Indian Ocean prrrrrrrr
And then all of a sardine and a langoustine – we were outta paradise on a small yacht and then some walking plus a very long taxi back to Nampula and then onto a plane which then bumped us down on the Jozi tarmac. Then Darling got on a plane to Amsterdam and onto LA and I got on a plane and went to Hong Kong and onto Phuket, jolled around southern Thailand swimming in the very same Indian Ocean across the other side of the world with a whole lot of fabulous women. Then I got back on a plane to Phuket, onto Hong Kong and landed back in Jozi with a head full of rainforests, tropically dressed mountains, jungly islands, erotic beaches, emerald waters and and ohjafuckit a cheap tequila hangover. Godamn. 

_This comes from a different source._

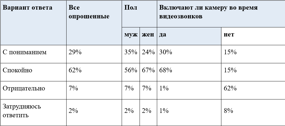 Онлайн-встречи стали привычным явлением. Каждая десятая компания требует, чтобы все сотрудники присутствовали на них с включенными камерами. Опрос работающих россиян, проведенный SuperJob и МТС Линк показал, что с пониманием к подобному требованию относятся 29% респондентов, спокойно — еще 62%. В 12% организаций правило включать видео распространяется только на отдельные службы — по усмотрению руководителей.
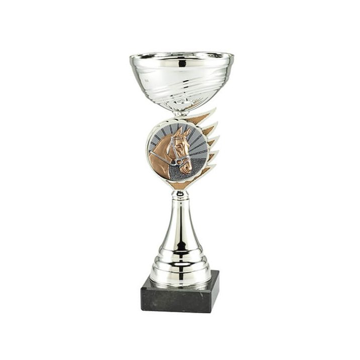 Ce trophée prestige est disponible chez Budgettrophy en 3 tailles différentes en stock. Le trophée est argenté et monté dessus est un disque équitation. En bas du trophée il y a de la place pour une plaque gravée de votre propre texte. Budgettrophy vous offre le montage de la plaque gravée gratuitement!

Khao Sok National Park, Thailand
Darling in the meantime got a bit of travel in his troubadour and went unexpectedly back to Honolulu via San Francisco and Portland and Seattle, and is now tired – haha who would have thought? – and back in LA and flies off today, his time, on a three week desert rock tour across Europe -  check out 3rd Ear Experience. I got onto another plane to Maputo, did some work stuff then got onto another plane back to Jozi and now I am in deep rural Limpopo nine hours ahead of LA trying to figure out what the hell just happened and if I’ll ever get laid again. He tells we shall meet again on Guy Fawkes Day in Jozi. He promises fireworks and I love the predictably sexy metaphor even though I am in a startled condition back on the Harare/ Pretoria time zone two hours ahead of G&T, I mean GMT. Good god, Darling.